All kinds of additives and substances are added to ultra-processed products, for example, to make the food tastier or have a longer shelf life. Consequently, the nutritional value and natural state of such a product deteriorates.

Ultra-processed foods are not healthy for our bodies

These products have now been linked to various lifestyle diseases. Such as cardiovascular disease, diabetes, and obesity. Because we want to work easily, quickly, or cheaply, we resort to these types of messages. While our body simply needs unprocessed foods such as fruits, vegetables, eggs, seeds, nuts, fish or meat. also Valuable inspection service-Tion De Kyokin's face All Netherlands Packet-Jury member Janie van der Heyden has already warned of the dangers of over-processing foods.

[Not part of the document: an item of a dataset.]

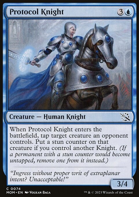 When this creature enters, tap target creature an opponent controls. Put a stun counter on that creature if you control another Knight. (If a permanent with a stun counter would become untapped, remove one from it instead.)
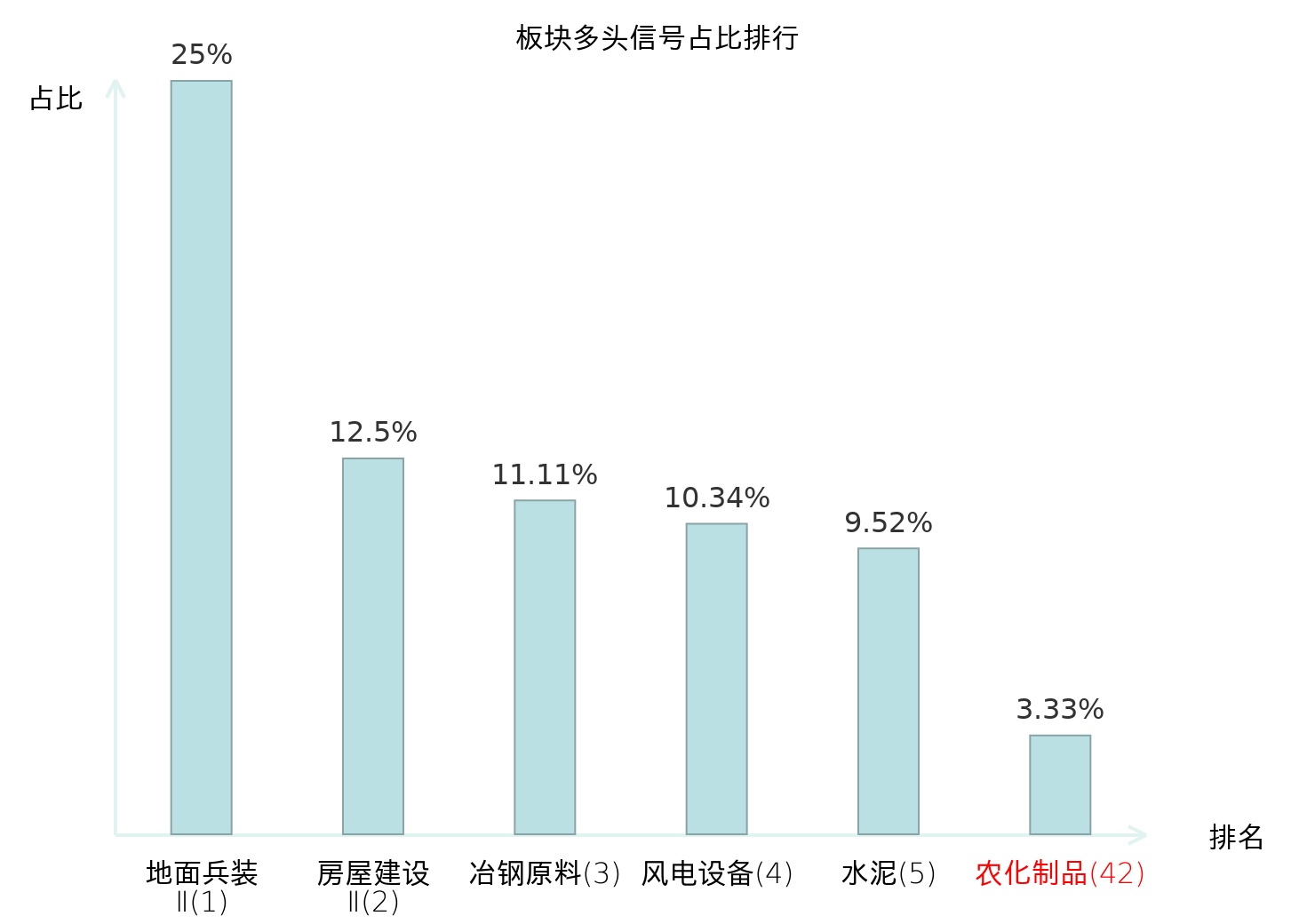 全市场所有行业板块中主力多头信号占比排名中,地面兵装Ⅱ板块位居第一。房屋建设Ⅱ板块名次提升最快,较昨日上升117位。

Nutritionist Caroline Passerello explains vs Fortune Okay They encourage people to read labels. Our body needs nutrients, vitamins or minerals. If you eat processed and (too) unhealthy foods too often, you could develop deficiencies and experience unnecessary weight gain. “The way our bodies respond to calories and nutrients varies depending on our age, activity level, and overall dietary patterns,” says the nutritionist.

Unhealthy materials added

Ultra-processed foods often contain high amounts of added sugars, fats and/or salt, low amounts of dietary fiber and more artificial ingredients. Regardless of whether it comes from food or is manufactured in laboratories.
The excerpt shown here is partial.